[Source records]
* * * * *

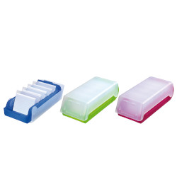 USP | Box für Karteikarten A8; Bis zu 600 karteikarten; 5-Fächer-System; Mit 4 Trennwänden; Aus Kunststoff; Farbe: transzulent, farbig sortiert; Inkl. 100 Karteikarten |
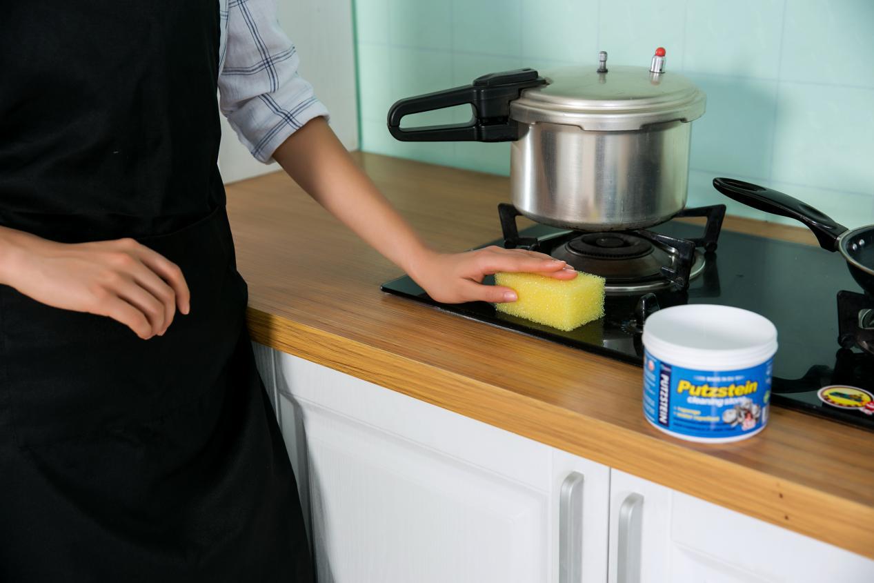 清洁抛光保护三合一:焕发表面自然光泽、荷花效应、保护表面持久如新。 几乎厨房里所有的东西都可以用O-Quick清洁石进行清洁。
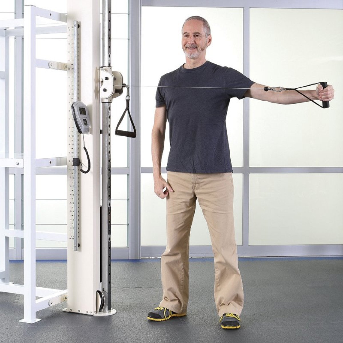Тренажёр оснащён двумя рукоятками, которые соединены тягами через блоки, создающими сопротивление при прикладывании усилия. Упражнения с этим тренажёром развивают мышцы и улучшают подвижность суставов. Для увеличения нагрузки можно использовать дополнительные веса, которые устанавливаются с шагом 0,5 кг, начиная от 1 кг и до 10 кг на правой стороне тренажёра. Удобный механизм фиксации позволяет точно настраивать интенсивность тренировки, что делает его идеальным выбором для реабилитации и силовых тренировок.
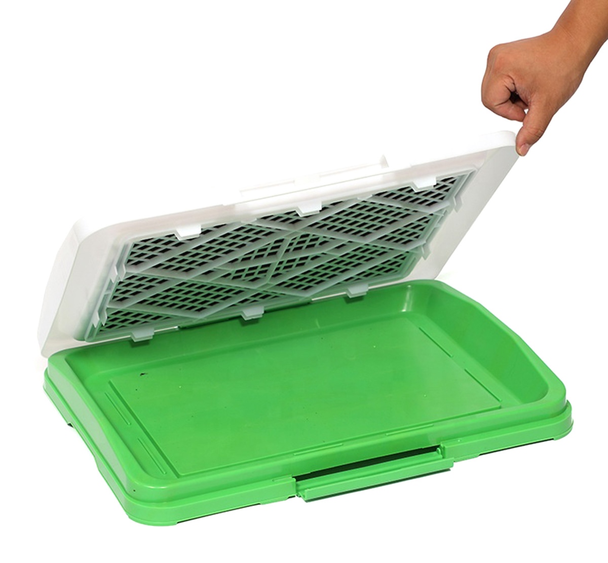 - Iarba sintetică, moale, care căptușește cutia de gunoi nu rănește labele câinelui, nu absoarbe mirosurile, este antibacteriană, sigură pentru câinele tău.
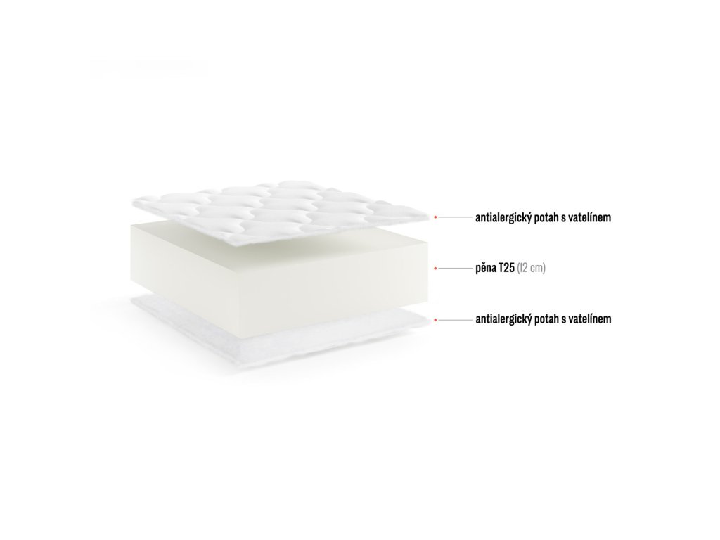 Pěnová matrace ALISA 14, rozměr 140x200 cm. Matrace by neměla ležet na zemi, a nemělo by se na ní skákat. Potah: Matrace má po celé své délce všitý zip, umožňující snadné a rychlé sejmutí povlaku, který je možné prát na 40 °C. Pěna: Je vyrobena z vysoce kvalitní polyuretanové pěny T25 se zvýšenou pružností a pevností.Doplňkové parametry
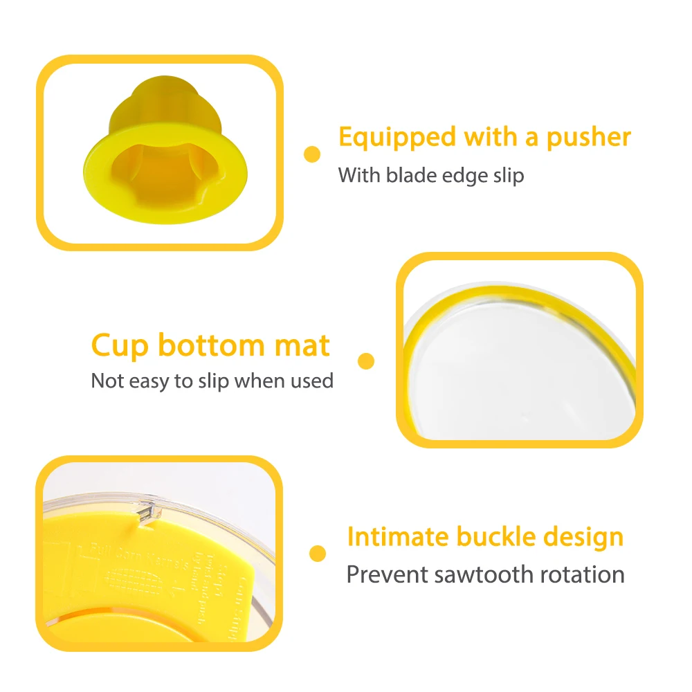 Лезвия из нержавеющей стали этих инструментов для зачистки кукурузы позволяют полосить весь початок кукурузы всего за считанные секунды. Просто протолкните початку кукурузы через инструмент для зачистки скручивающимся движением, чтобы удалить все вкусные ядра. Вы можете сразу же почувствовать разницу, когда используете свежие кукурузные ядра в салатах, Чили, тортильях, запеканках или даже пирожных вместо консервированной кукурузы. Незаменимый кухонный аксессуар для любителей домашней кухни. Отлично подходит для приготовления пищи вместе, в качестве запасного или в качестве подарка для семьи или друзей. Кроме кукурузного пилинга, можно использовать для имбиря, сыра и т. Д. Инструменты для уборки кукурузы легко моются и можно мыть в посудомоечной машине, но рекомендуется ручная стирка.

* * * * *

Exercise objective: Look above for the line with "清洁抛光保护三合一:焕发表面" and the line with "- Iarba sintetică, moale, care", then copy exactly the lines from the first through the second, both kept, with no pictures.

Answer to this task:
 清洁抛光保护三合一:焕发表面自然光泽、荷花效应、保护表面持久如新。 几乎厨房里所有的东西都可以用O-Quick清洁石进行清洁。
Тренажёр оснащён двумя рукоятками, которые соединены тягами через блоки, создающими сопротивление при прикладывании усилия. Упражнения с этим тренажёром развивают мышцы и улучшают подвижность суставов. Для увеличения нагрузки можно использовать дополнительные веса, которые устанавливаются с шагом 0,5 кг, начиная от 1 кг и до 10 кг на правой стороне тренажёра. Удобный механизм фиксации позволяет точно настраивать интенсивность тренировки, что делает его идеальным выбором для реабилитации и силовых тренировок.
 - Iarba sintetică, moale, care căptușește cutia de gunoi nu rănește labele câinelui, nu absoarbe mirosurile, este antibacteriană, sigură pentru câinele tău.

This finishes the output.